Book 1

The Last Caesar

by Henry Venmore-Rowland

Published 21 June 2012
AD 68. The tyrant emperor Nero has no son and no heir.

Suddenly there's the very real possibility that Rome might become a republic once more. But the ambitions of a few are about to bring corruption, chaos and untold bloodshed to the many.

Among them is a hero of the campaign against Boudicca, Aulus Caecina Severus. Caught up in a conspiracy to overthrow Caesar's dynasty, he commits treason, raises a rebellion, faces torture and intrigue - all supposedly for the good of Rome. The boundary between the good of Rome and self preservation is far from clear, and keeping to the dangerous path he's chosen requires all Severus' skills as a cunning soldier and increasingly deft politician.

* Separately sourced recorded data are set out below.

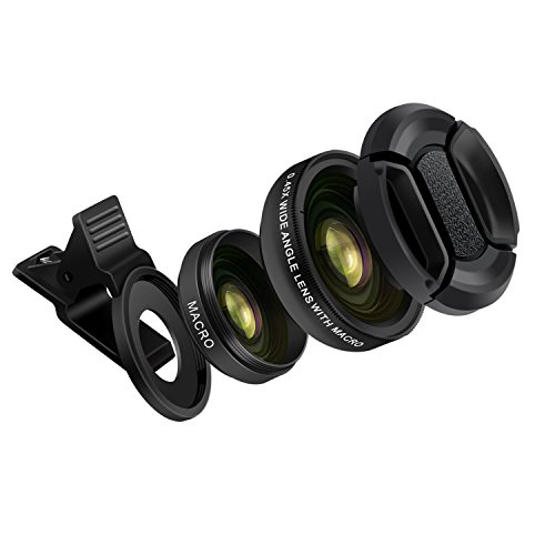 - IDEAL GIFT for Friends& Family ã€0.45X HD Wide Angle & 12.5X Macro Lens】: 0.45X Super wide angle lens is to capture a wider area than normal, such group of people, buildings and landscape. 12.5X macro lens can take clear photos of extreme tiny world which is invisible in naked eyes.
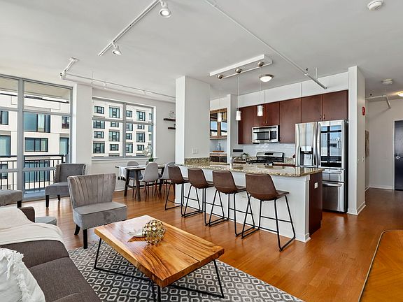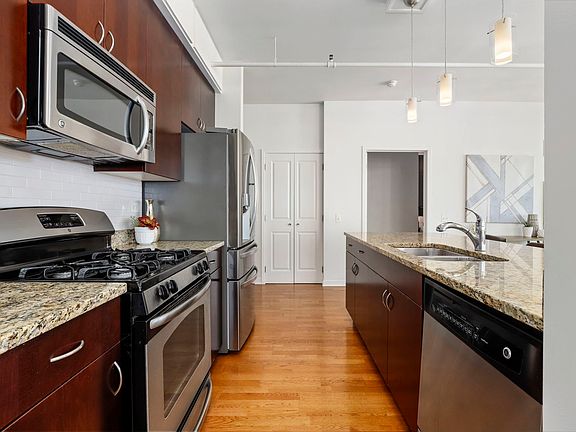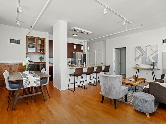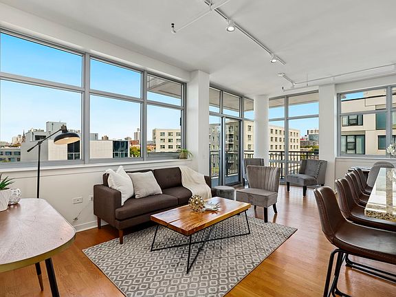 This sun drenched, 2Br/2Ba corner unit offers amazing city views including the Chicago skyline via its oversized windows and private, wraparound balcony. This home offers a split floor plan to maximize privacy, soaring 11ft ceilings make the space feel bright and airy, with beautiful hardwood floors throughout the living room, separated dining space, and updated kitchen. The kitchen is wide open to the entire living space with custom built-ins, hardwood cabinets, stainless steel appliances, and in-unit laundry adjacent in the hallway. Two generous bedrooms and bathrooms, including a primary suite with two walls of closets, and additional storage throughout the unit. Deeded garage parking available for an additional $30,000. This professionally managed, dual-elevator building boasts healthy reserves and is both investor and pet friendly. HOA includes water, heat, AC, and gas, as well as access to the recently upgraded fitness center. Blazing fast internet options are available in the building. Conveniently located steps from CTA, Target, Jewel, dry cleaner, UPS store, City Farm, as well as tons of entertainment and nightlife in both Lincoln Park and the Gold Coast.
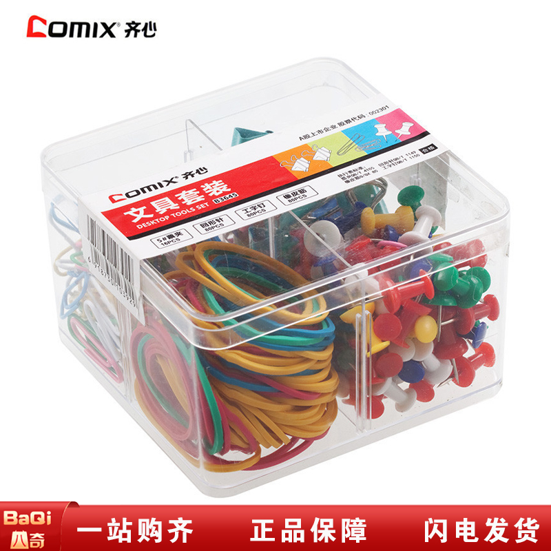 齐心 B3645 文具套装 5号票夹/29mm回形针/橡皮筋/工字钉
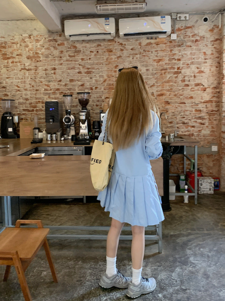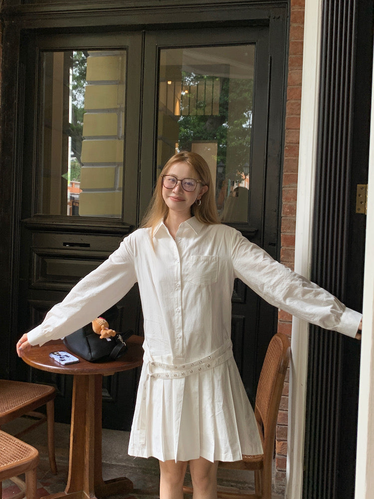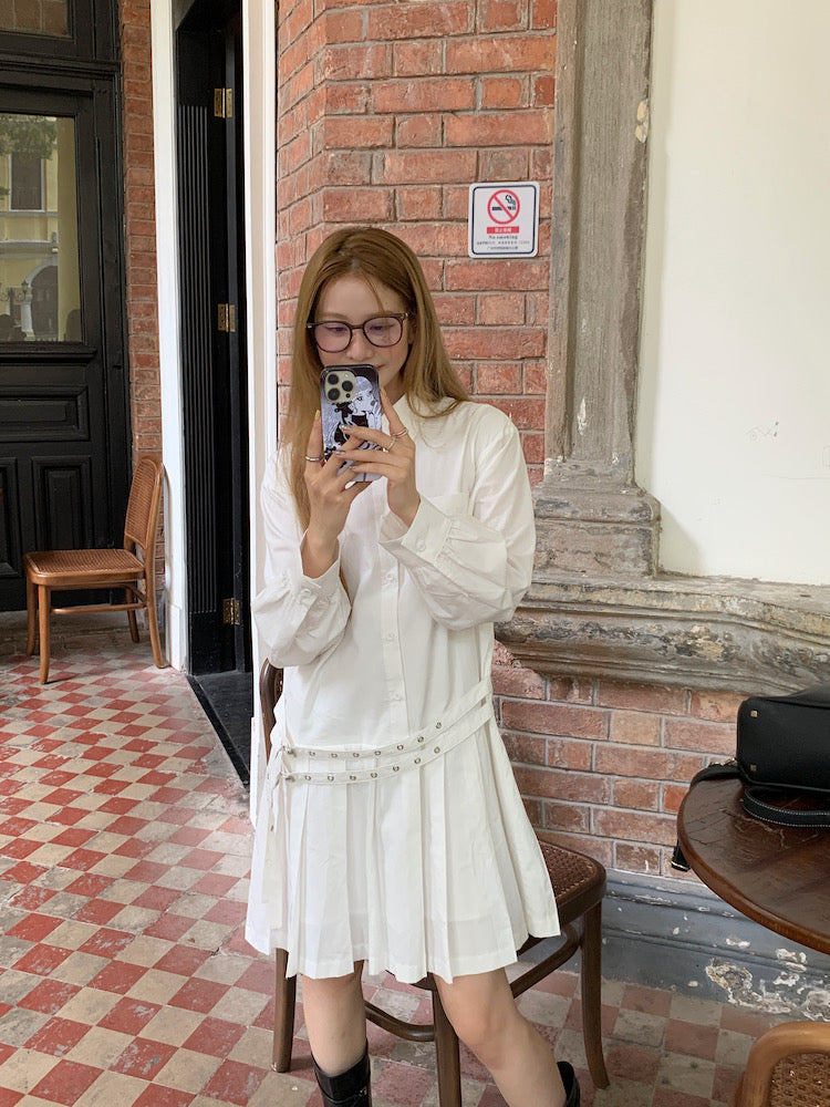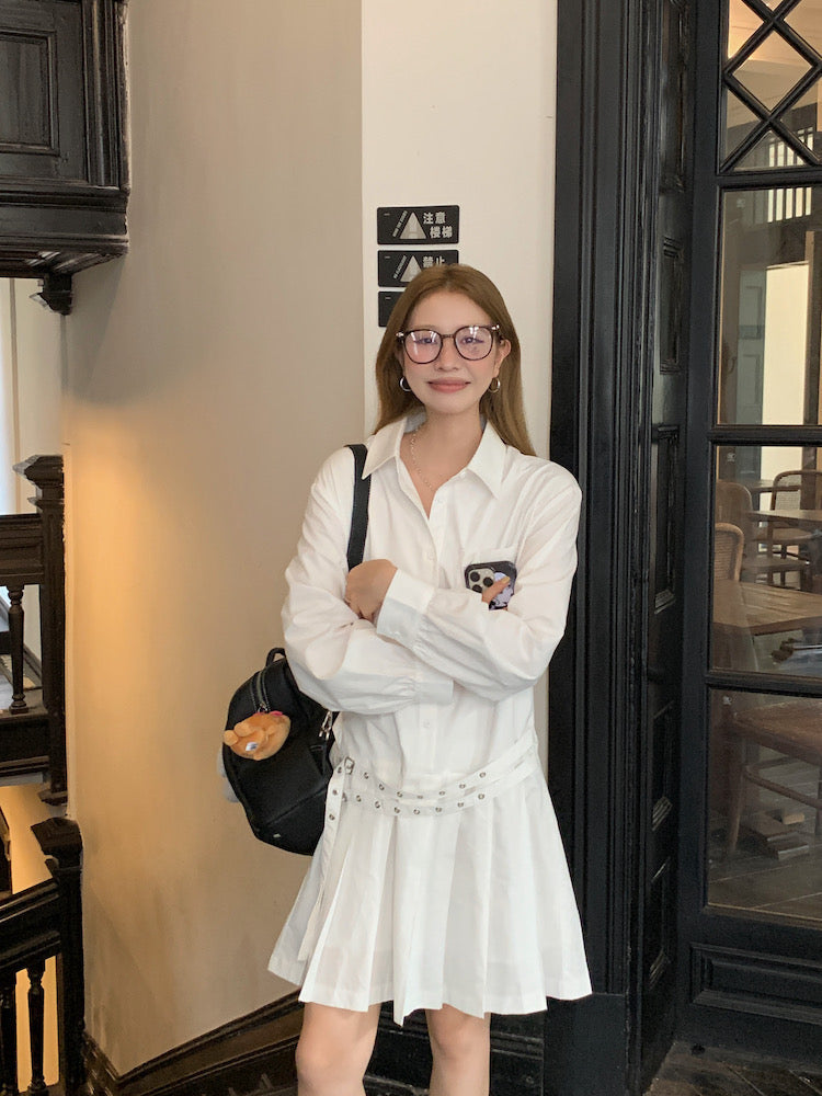 Double Belt Loose Pleated Shirt Dress
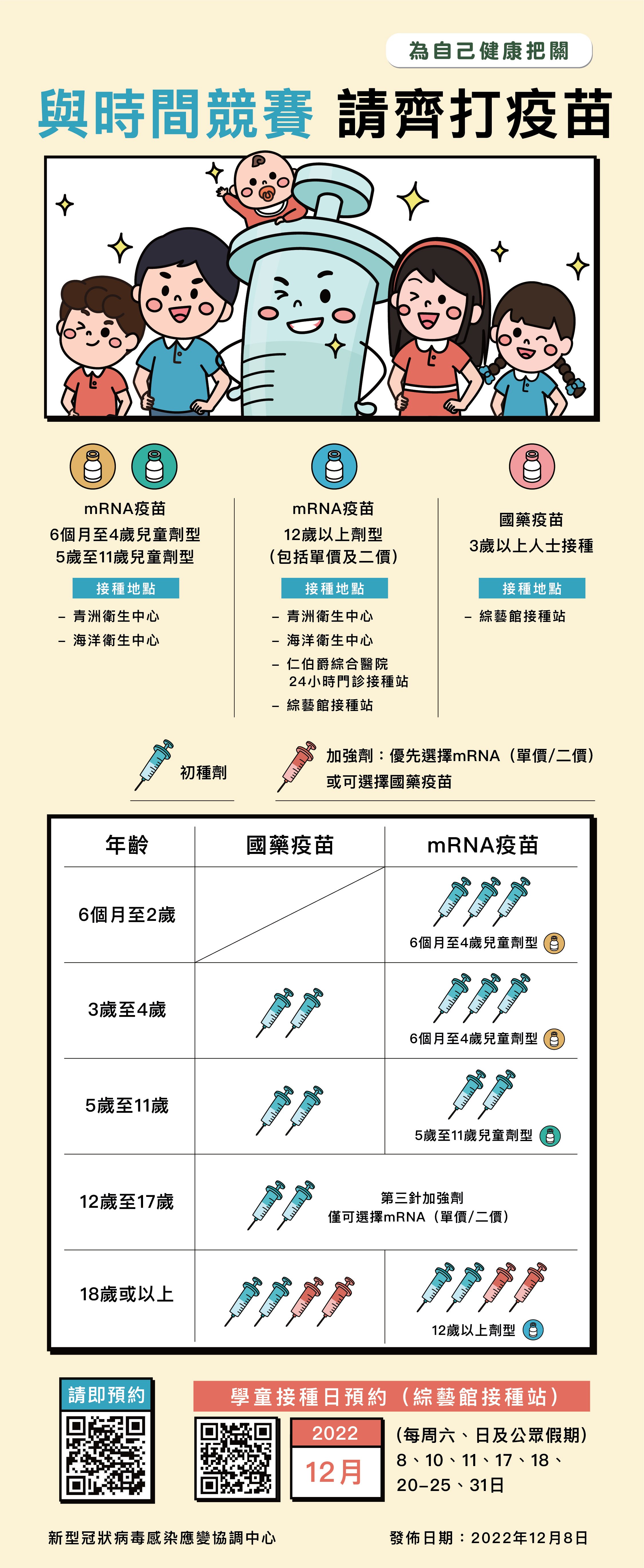 為應對新冠肺炎疫情的變化,為自己健康把關,與時間競賽,接種新冠疫苗刻不容緩。教育及青年發展局及衛生局持續推動學童接種新冠疫苗,務求可降低重症及死亡風險,透過外展入校接種、組織到社區專場,以及每周末及節假日在綜藝館社區大型疫苗接種站舉辦的“學童接種日”,便利家長儘快為已入學而未接種新冠疫苗的子女接種。
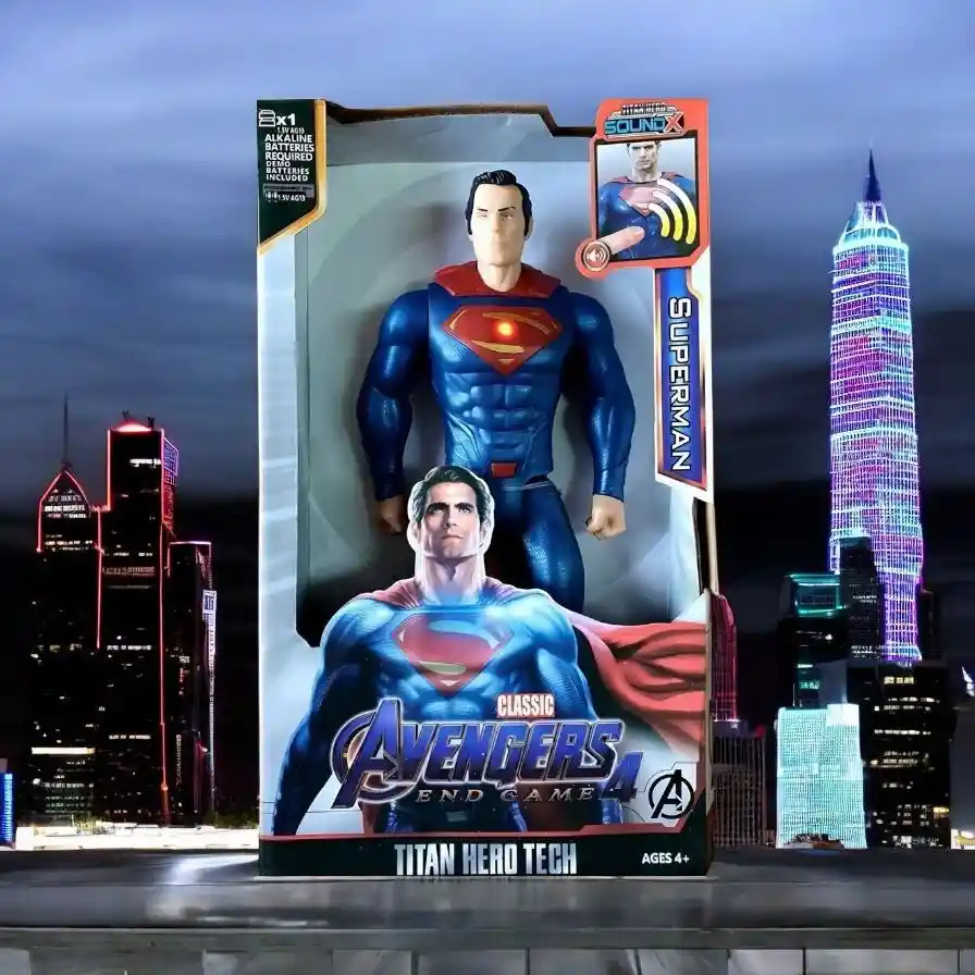 Súperman es un muñeco articulado diferenciando las distintas texturas y relieves del cuerpo y accesorios de los personajes. Tiene luces y sonido que te ayudara estimulara la creatividad del niño. Con ellas, vas a poder crear historias en la que los personajes puedan movilizarse y cobrar vida. * Está construida de plástico. * Es articulada. * Figura coleccionable. * Luces y sonido
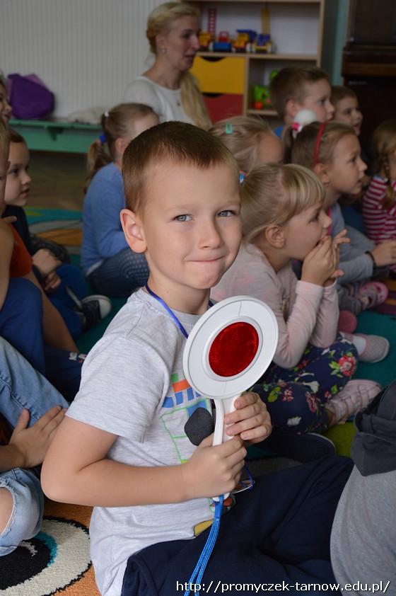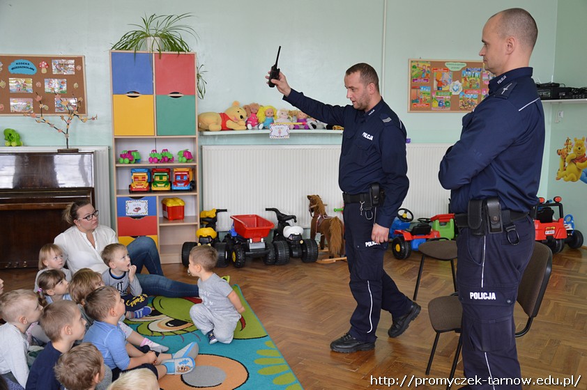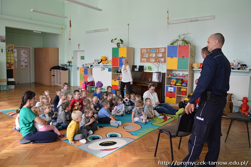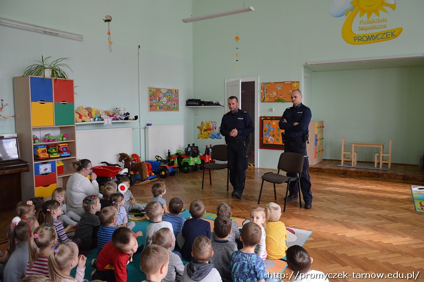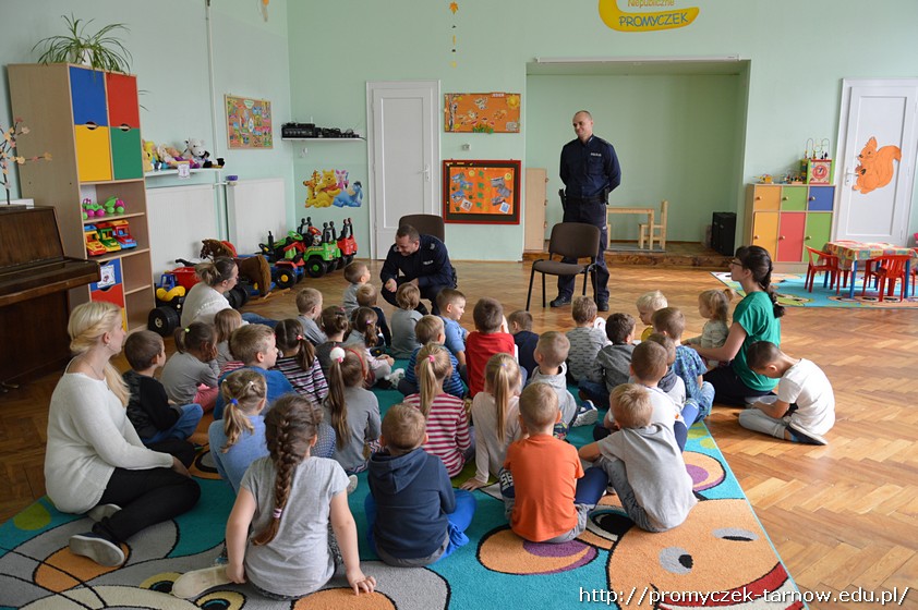 Jednym z priorytetów pracowników Promyczka jest dbanie o bezpieczeństwo. W ciągu roku realizujemy szereg działań, które mają wyczulić dzieci na kwestie z nim związane, dlatego też tradycją stały się coroczne spotkania dzieci z policjantem. Pierwsze z nich w bieżącym roku szkolnym miało miejsce we środę 4 października 2017.

And so Severus looks back on the dark and dangerous time history knows as the Year of the Four Emperors, and the part he played - for good or ill - in plunging the mighty Roman empire into anarchy and civil war...

Book 2

AD 69. Aulus Caecina Severus has thrown in his lot with the hedonistic Vitellius and prepares his legions for a gruelling march over the Alps. Driven by the desire to repay the treachery of his former patron, the Emperor Galba, and to keep his rival Valens in check, Severus leads his army against barbarian rebellions and against the mountains themselves in his race to reach Italy first. With the vast Po valley almost in sight, news reaches the army that Galba has been killed in a coup, and that Otho has been declared Emperor by the Praetorians who he had bribed to murder their own emperor. But there is no turning back for Severus, even if he wanted to. The Rhine legions want their man on the throne, and they won't stop until they reach Rome itself. Even once Otho is defeated, the battle for supremacy between Severus and Valens is far from over. The politics of the court and the mob is the new battleground, and Severus needs the help of his wife Salonina and his freedman Totavalas in this constant game of thrones. When stories spread of a new power in the east, Severus has to decide where his real loyalty lies: to his Emperor, to his city or to himself?